RECORDS SHOWN Start Marker

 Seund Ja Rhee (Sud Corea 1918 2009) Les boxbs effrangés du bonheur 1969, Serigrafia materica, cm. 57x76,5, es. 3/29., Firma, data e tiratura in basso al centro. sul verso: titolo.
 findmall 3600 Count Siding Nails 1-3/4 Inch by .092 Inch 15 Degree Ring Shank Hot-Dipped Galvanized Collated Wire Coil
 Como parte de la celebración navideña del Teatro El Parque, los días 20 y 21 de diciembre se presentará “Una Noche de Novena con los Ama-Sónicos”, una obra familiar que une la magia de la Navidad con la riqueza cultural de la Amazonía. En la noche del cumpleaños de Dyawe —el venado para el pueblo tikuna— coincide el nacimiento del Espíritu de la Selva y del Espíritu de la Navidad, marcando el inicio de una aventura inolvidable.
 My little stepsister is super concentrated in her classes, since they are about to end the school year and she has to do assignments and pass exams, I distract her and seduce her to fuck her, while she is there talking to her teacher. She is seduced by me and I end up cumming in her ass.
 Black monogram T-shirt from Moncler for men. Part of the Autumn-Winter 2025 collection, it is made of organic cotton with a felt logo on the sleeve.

RECORDS SHOWN End Marker
RECORDS SHOWN Start Marker

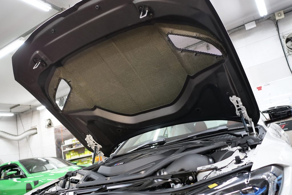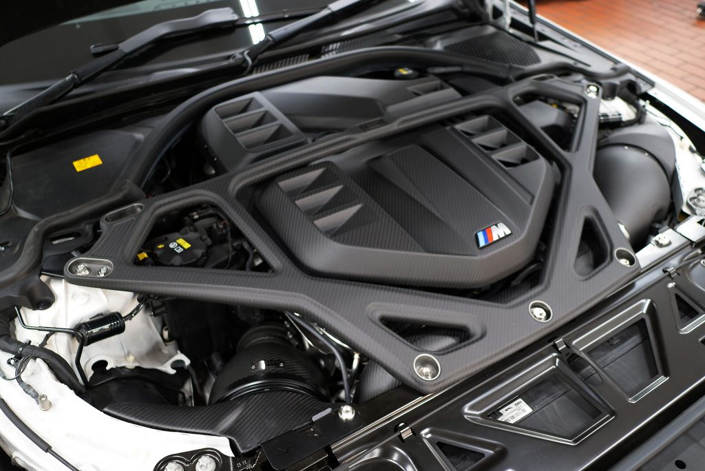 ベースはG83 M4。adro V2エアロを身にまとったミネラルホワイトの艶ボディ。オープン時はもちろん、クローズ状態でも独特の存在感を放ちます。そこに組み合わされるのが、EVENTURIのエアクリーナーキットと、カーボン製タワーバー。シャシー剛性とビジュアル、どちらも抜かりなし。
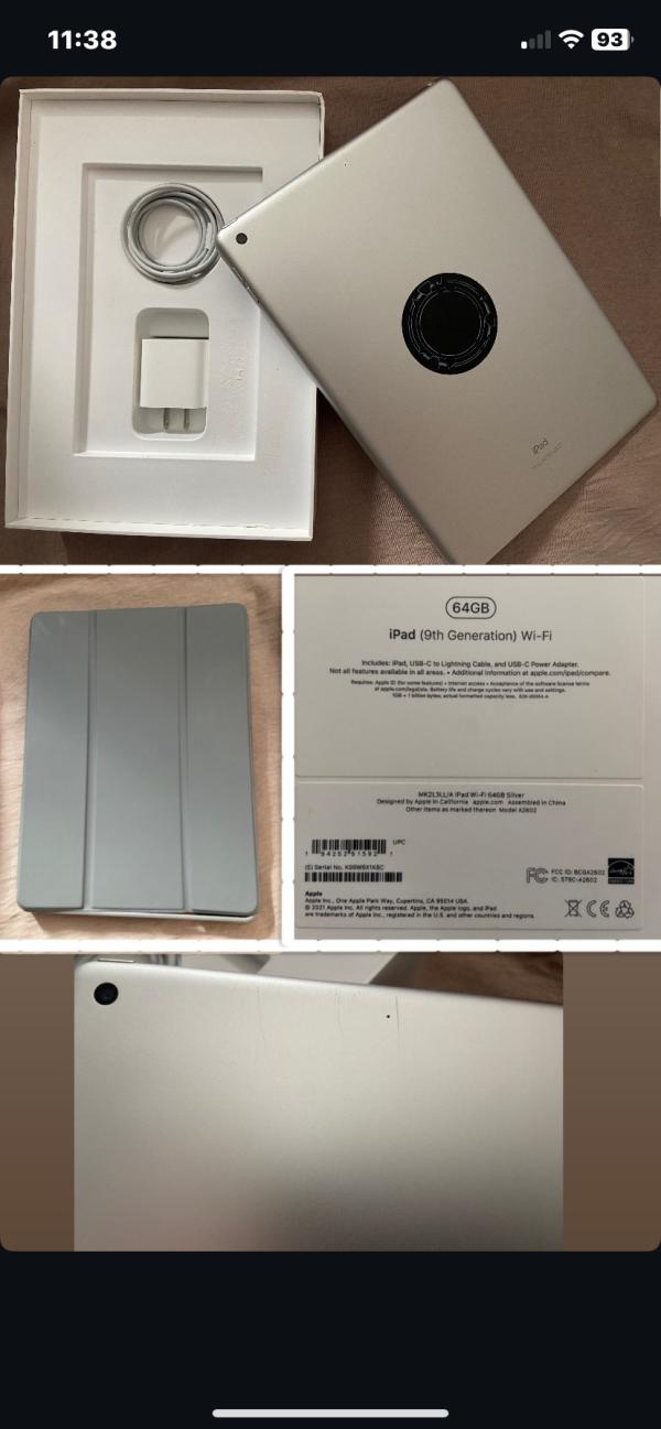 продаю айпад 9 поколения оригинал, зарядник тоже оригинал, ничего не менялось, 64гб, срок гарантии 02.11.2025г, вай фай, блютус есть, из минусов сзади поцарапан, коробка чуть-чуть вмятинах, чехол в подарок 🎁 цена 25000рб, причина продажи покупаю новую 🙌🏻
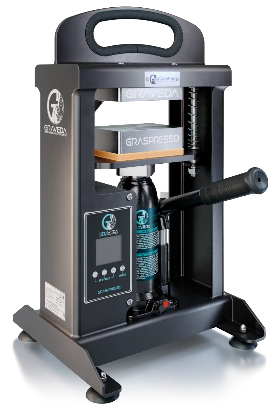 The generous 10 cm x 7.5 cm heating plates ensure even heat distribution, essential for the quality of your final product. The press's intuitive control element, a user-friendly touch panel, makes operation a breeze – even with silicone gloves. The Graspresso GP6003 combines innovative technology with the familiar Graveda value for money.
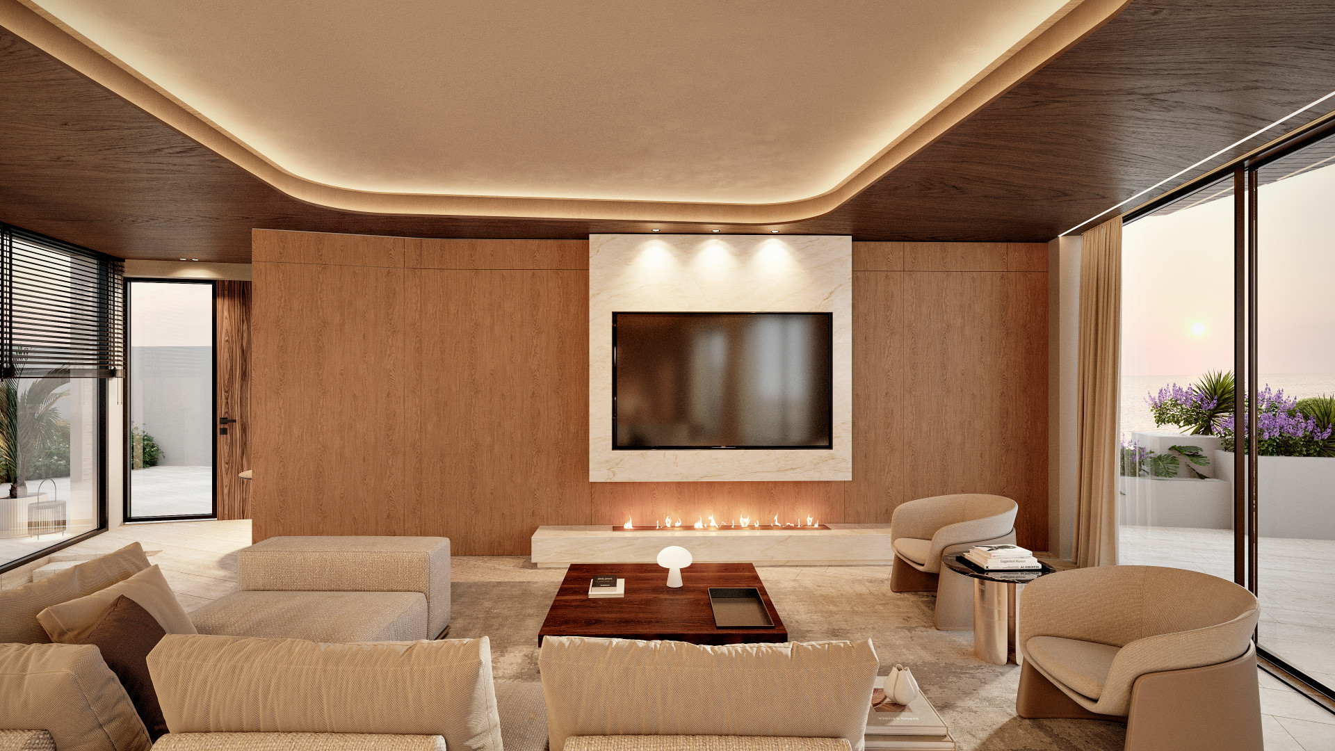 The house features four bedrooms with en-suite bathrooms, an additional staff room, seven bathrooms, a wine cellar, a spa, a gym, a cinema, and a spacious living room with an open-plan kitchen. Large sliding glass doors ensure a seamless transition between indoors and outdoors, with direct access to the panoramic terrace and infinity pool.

RECORDS SHOWN End Marker

> _WHAT IS BEING ASKED_: Everything above from the line containing "Como parte de" down to the line containing "My little stepsister" is to be transcribed exactly, with both of those lines included and nothing else added.

> _RESPONSE AREA_:
 Como parte de la celebración navideña del Teatro El Parque, los días 20 y 21 de diciembre se presentará “Una Noche de Novena con los Ama-Sónicos”, una obra familiar que une la magia de la Navidad con la riqueza cultural de la Amazonía. En la noche del cumpleaños de Dyawe —el venado para el pueblo tikuna— coincide el nacimiento del Espíritu de la Selva y del Espíritu de la Navidad, marcando el inicio de una aventura inolvidable.
 My little stepsister is super concentrated in her classes, since they are about to end the school year and she has to do assignments and pass exams, I distract her and seduce her to fuck her, while she is there talking to her teacher. She is seduced by me and I end up cumming in her ass.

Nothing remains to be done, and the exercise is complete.